● TASK ITEM: Set down every record below exactly as it appears, but without the pictures.

● INPUT FOR THIS TASK:
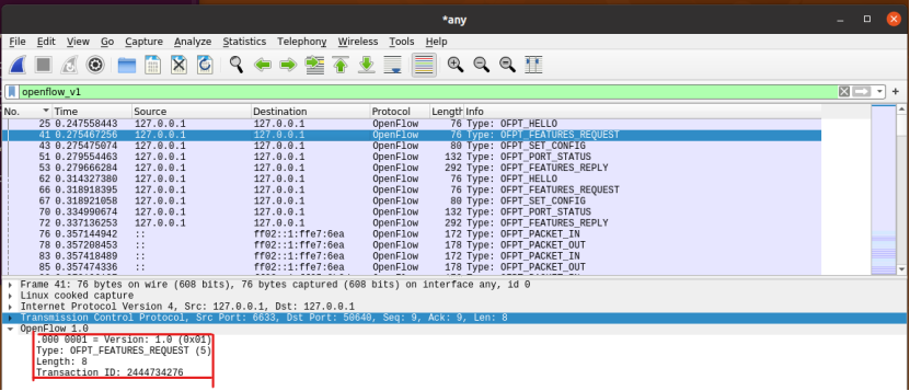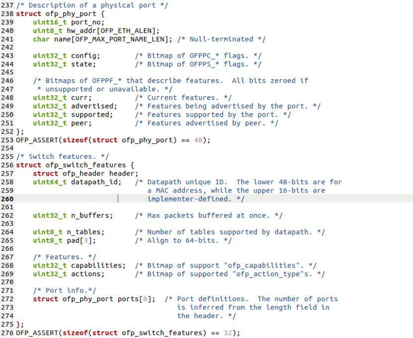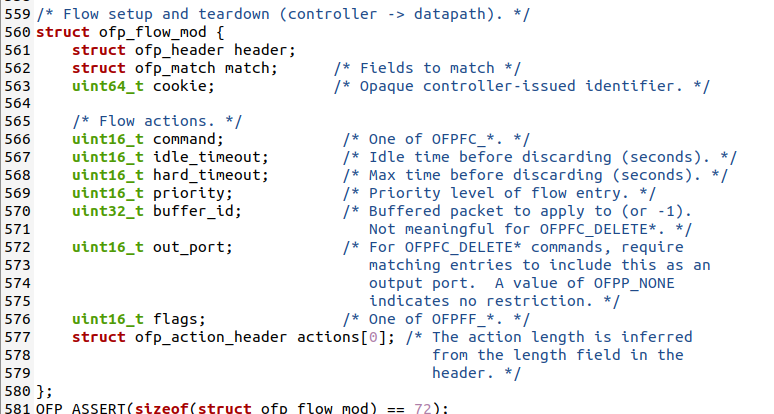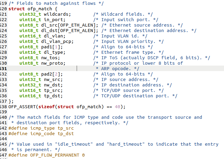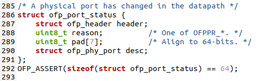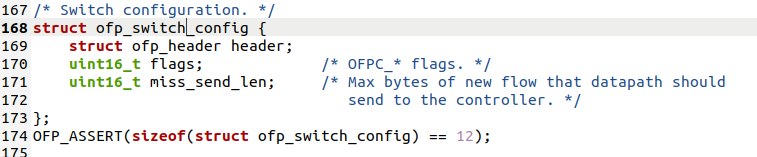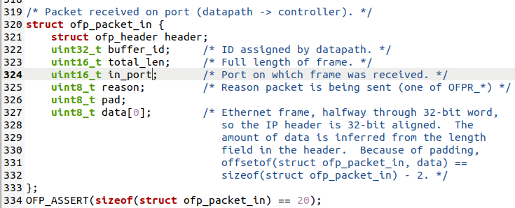 将抓包基础要求第2步的抓包结果对照OpenFlow源码,了解OpenFlow主要消息类型对应的数据结构定义。
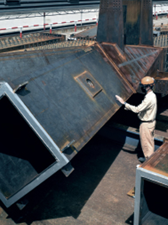 Column-free space is realized by the hybrid structure. Stability is achieved by the core wall, reducing the number of columns.
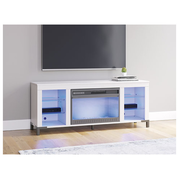 Level up your gaming experience and make movie nights to remember. This TV stand with electric fireplace extends your entertainment beyond the screen. Its built-in fireplace brings the heat, synchronizing with LED backlighting on the shelves. And you can customize the vibe with three trendy color options: blue, white and red. Modern function. Captivating, cool style. With this TV stand, revamp your home’s recreational hub like never before.
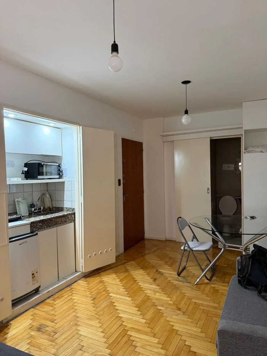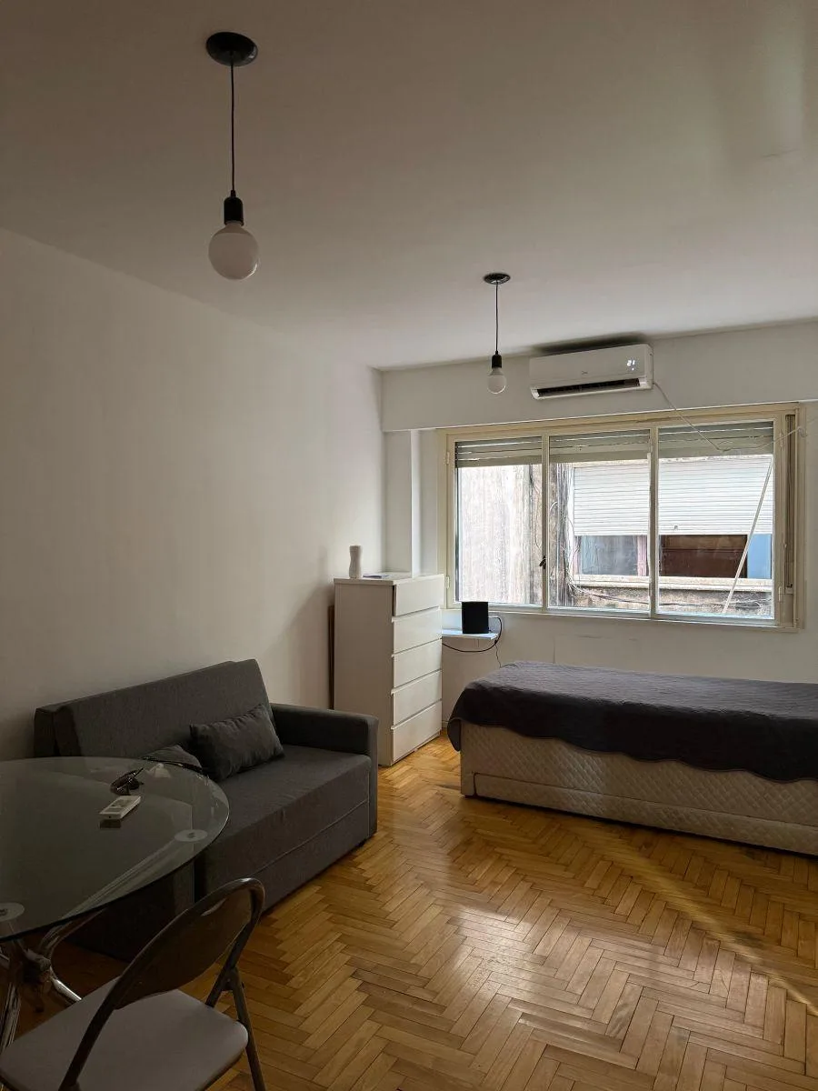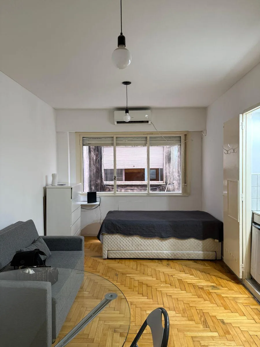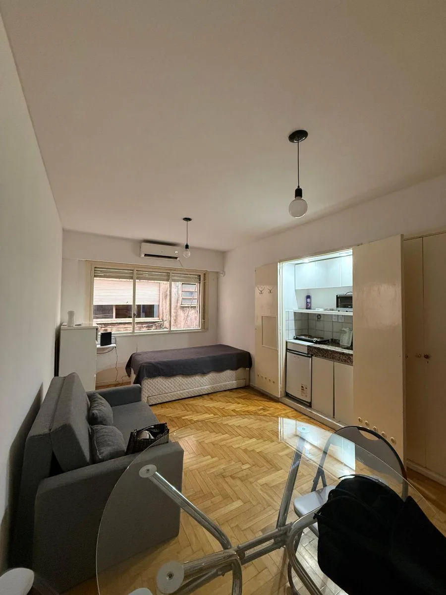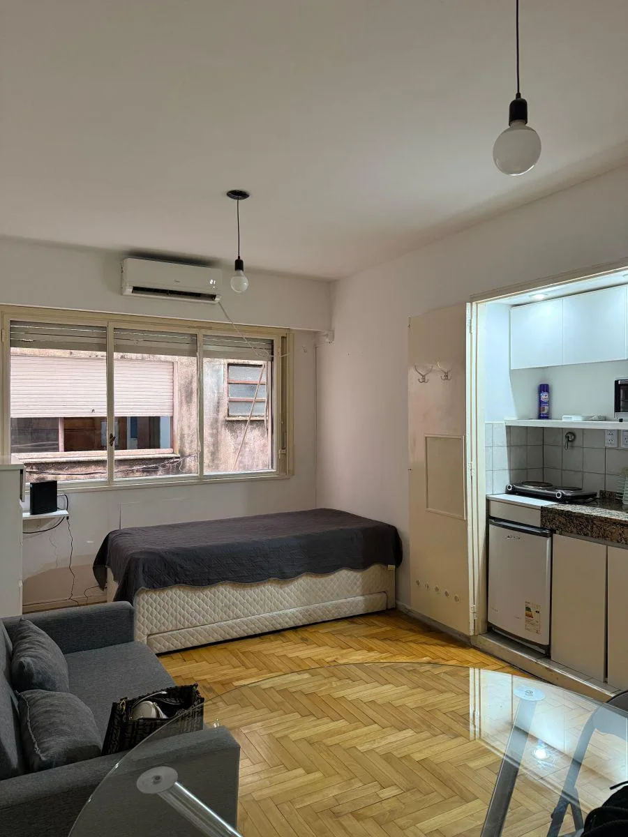 Квартира-студия в San Nicolás, 5-й этаж, после свежей покраски. Окна выходят на улицу; рядом Av. Callao и Av. Corrientes, с транспортным сообщением и инфраструктурой для учёбы и досуга. Аренда с ежеквартальной индексацией плюс коммунальные платежи здания и услуги; требуется подтверждение доходов и залог-страховка аренды Finaer или гарантия собственника. Размер коммунальных платежей, возраст здания и площадь указаны как ориентировочные.
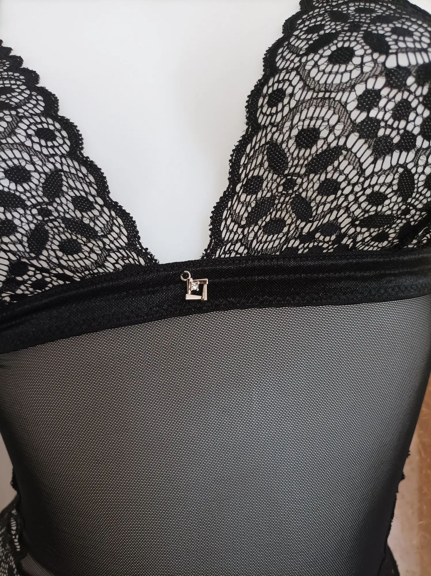 Ce body est la pièce au caractère affirmé qui met en valeur absolument toutes les courbes. Son jeu de transparence et ses motifs géométriques dessinent une silhouette résolument moderne et féminine.
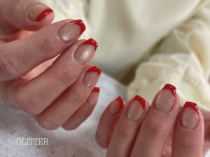 ☆フレンチ☆ 2025/11/15 Staff Blog ☆ 赤フレンチ 可愛い♡ ベースのマグネットもラメ入りで キラキラ・:*+. – – #マグネットネイル #三軒茶屋 #三軒茶屋ネイルサロン #三軒茶屋ネイル #三茶ネイルサロン #三茶ネイル #定額ネイル
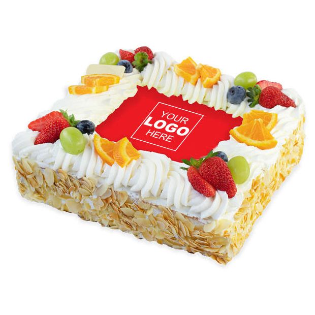 Verras iedereen met deze overheerlijke slagroomtaart en laat ‘m met je logo erop bezorgen in heel Nederland. Versierd met vers fruit en chocolaatjes. Gevuld met zachte cake, romige slagroom en een frisse, fruitige vulling maken deze taart tot een waar feest. Vanaf 10 personen. Let op! De taart kan bedrukt worden met logo, dit is al bij de prijs inbegrepen.
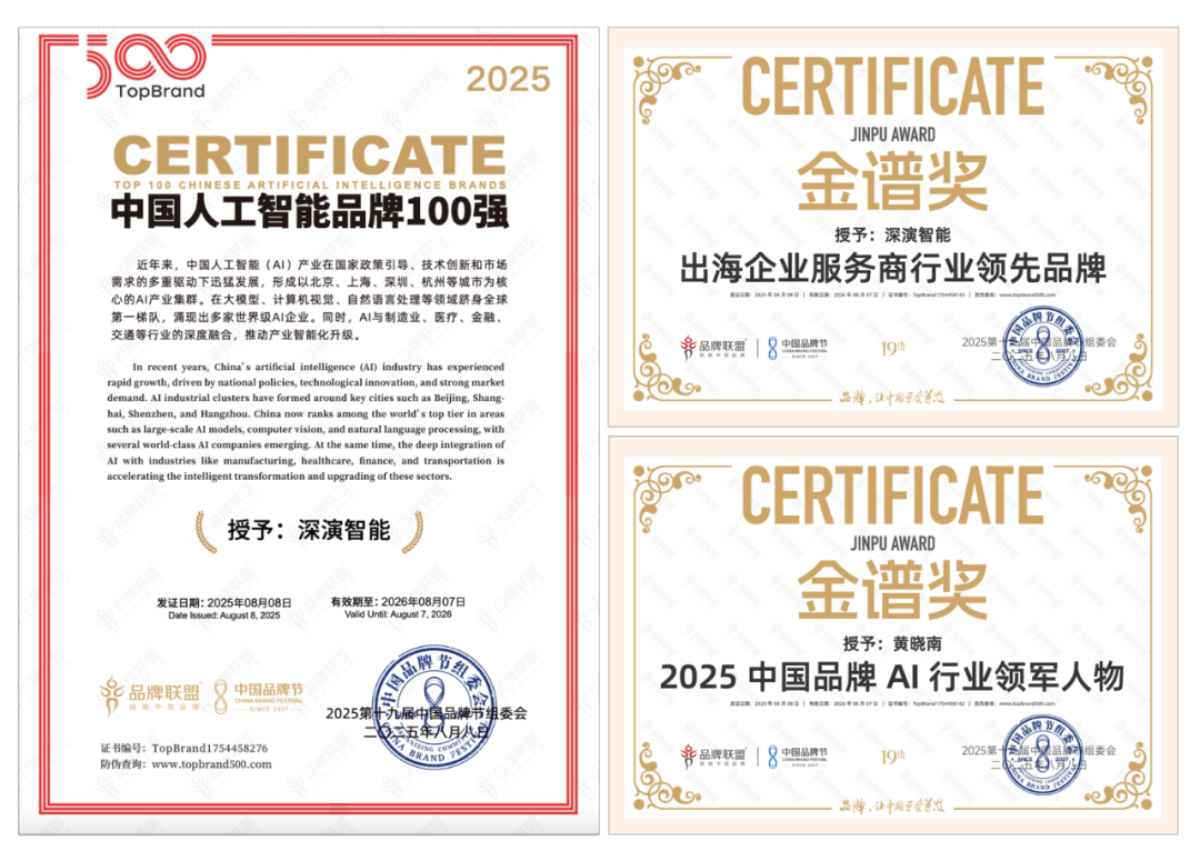 8 月 9 日晚举办的荣耀盛典上,公海jcjc5500智能凭借深厚的 AI 技术实力与出色专业的出海服务能力,斩获 “2025 中国品牌节金谱奖・出海企业服务商行业领先品牌”“2025 中国人工智能 100 强” 等多项重磅奖项。其创始人兼 CEO 黄晓南荣膺 “2025 中国品牌 AI 行业领军人物” 称号。未来,公海jcjc5500智能将紧跟时代步伐,持续聚焦 “AI 与出海”—— 这一方向高度契合时代脉搏与中国品牌发展的迫切需求,旨在汇聚智慧力量破解发展阻碍,为中国品牌赋能。
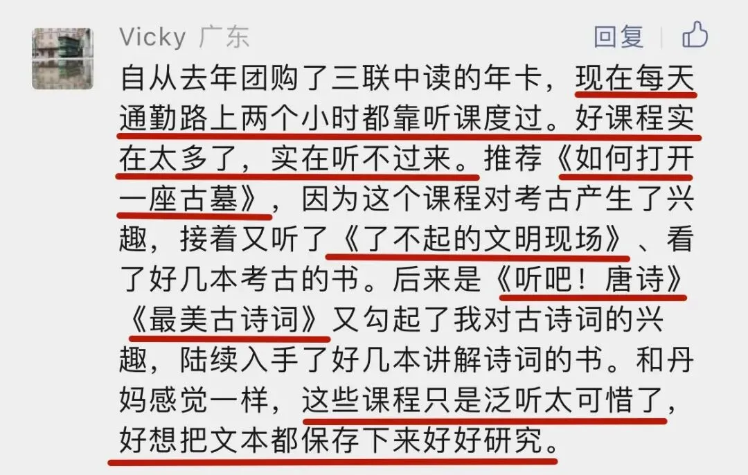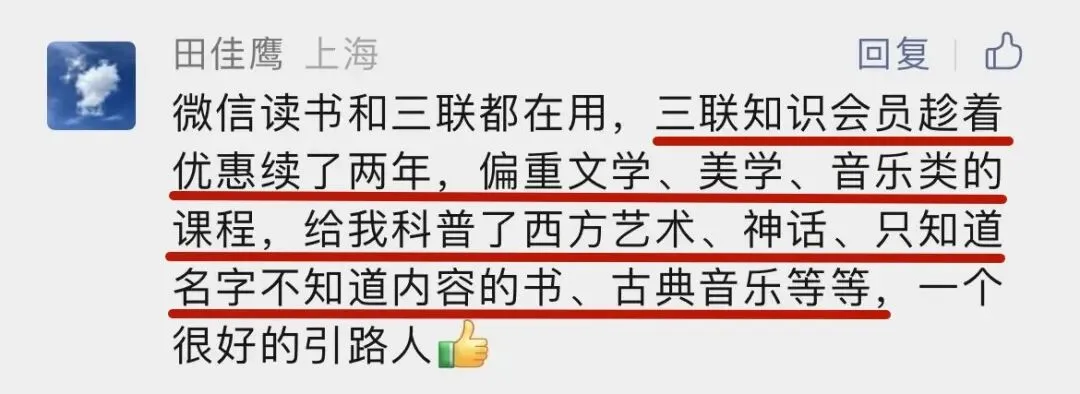 相对于专注于财经、职场的其它知识付费平台,三联中读的落点是完全不同的👇
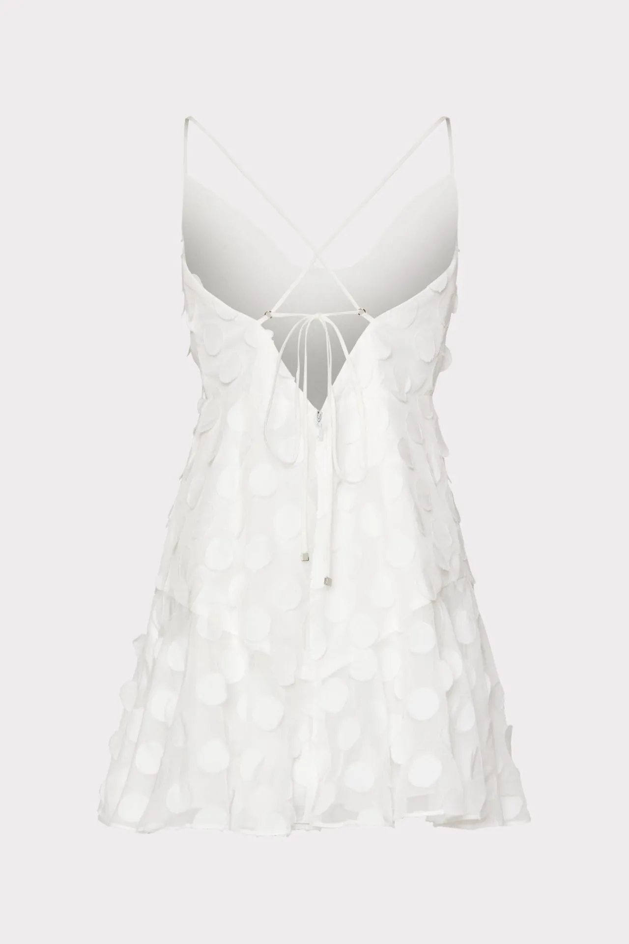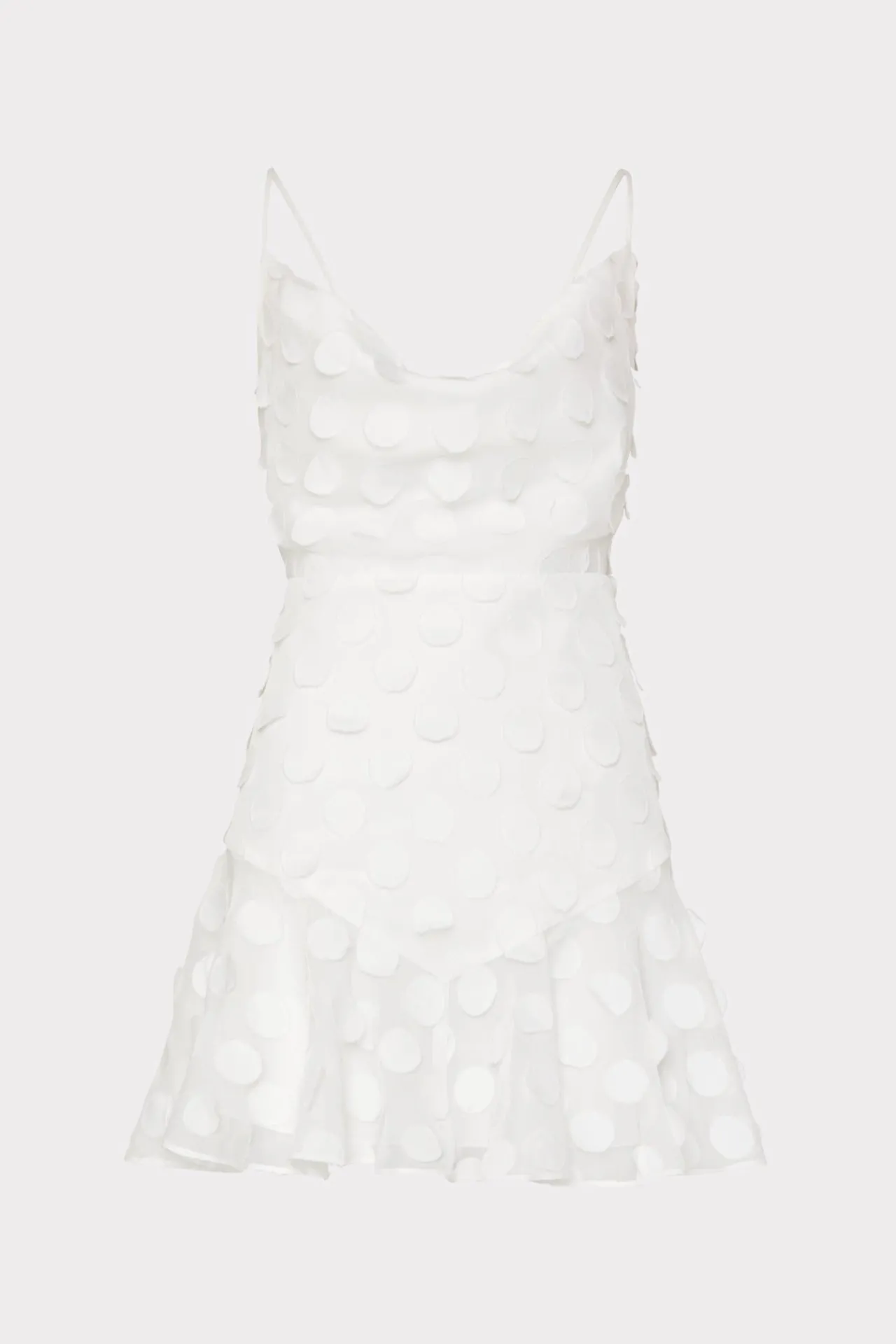 The Osian Mini Dress Has A Cowl Neckline, A Low Back That’S Finished With A Criss-Cross Detail, And Fitted Silhouette That Flares Out At The Hemline With An Elongated Ruffle For Extra Flounce. It’S Cut From An All-White 3D Dot Clip Fabric That Adds Both Dimension And Texture.

● FINISHED TASK:
 将抓包基础要求第2步的抓包结果对照OpenFlow源码,了解OpenFlow主要消息类型对应的数据结构定义。
 Column-free space is realized by the hybrid structure. Stability is achieved by the core wall, reducing the number of columns.
 Level up your gaming experience and make movie nights to remember. This TV stand with electric fireplace extends your entertainment beyond the screen. Its built-in fireplace brings the heat, synchronizing with LED backlighting on the shelves. And you can customize the vibe with three trendy color options: blue, white and red. Modern function. Captivating, cool style. With this TV stand, revamp your home’s recreational hub like never before.
 Квартира-студия в San Nicolás, 5-й этаж, после свежей покраски. Окна выходят на улицу; рядом Av. Callao и Av. Corrientes, с транспортным сообщением и инфраструктурой для учёбы и досуга. Аренда с ежеквартальной индексацией плюс коммунальные платежи здания и услуги; требуется подтверждение доходов и залог-страховка аренды Finaer или гарантия собственника. Размер коммунальных платежей, возраст здания и площадь указаны как ориентировочные.
 Ce body est la pièce au caractère affirmé qui met en valeur absolument toutes les courbes. Son jeu de transparence et ses motifs géométriques dessinent une silhouette résolument moderne et féminine.
 ☆フレンチ☆ 2025/11/15 Staff Blog ☆ 赤フレンチ 可愛い♡ ベースのマグネットもラメ入りで キラキラ・:*+. – – #マグネットネイル #三軒茶屋 #三軒茶屋ネイルサロン #三軒茶屋ネイル #三茶ネイルサロン #三茶ネイル #定額ネイル
 Verras iedereen met deze overheerlijke slagroomtaart en laat ‘m met je logo erop bezorgen in heel Nederland. Versierd met vers fruit en chocolaatjes. Gevuld met zachte cake, romige slagroom en een frisse, fruitige vulling maken deze taart tot een waar feest. Vanaf 10 personen. Let op! De taart kan bedrukt worden met logo, dit is al bij de prijs inbegrepen.
 8 月 9 日晚举办的荣耀盛典上,公海jcjc5500智能凭借深厚的 AI 技术实力与出色专业的出海服务能力,斩获 “2025 中国品牌节金谱奖・出海企业服务商行业领先品牌”“2025 中国人工智能 100 强” 等多项重磅奖项。其创始人兼 CEO 黄晓南荣膺 “2025 中国品牌 AI 行业领军人物” 称号。未来,公海jcjc5500智能将紧跟时代步伐,持续聚焦 “AI 与出海”—— 这一方向高度契合时代脉搏与中国品牌发展的迫切需求,旨在汇聚智慧力量破解发展阻碍,为中国品牌赋能。
 相对于专注于财经、职场的其它知识付费平台,三联中读的落点是完全不同的👇
 The Osian Mini Dress Has A Cowl Neckline, A Low Back That’S Finished With A Criss-Cross Detail, And Fitted Silhouette That Flares Out At The Hemline With An Elongated Ruffle For Extra Flounce. It’S Cut From An All-White 3D Dot Clip Fabric That Adds Both Dimension And Texture.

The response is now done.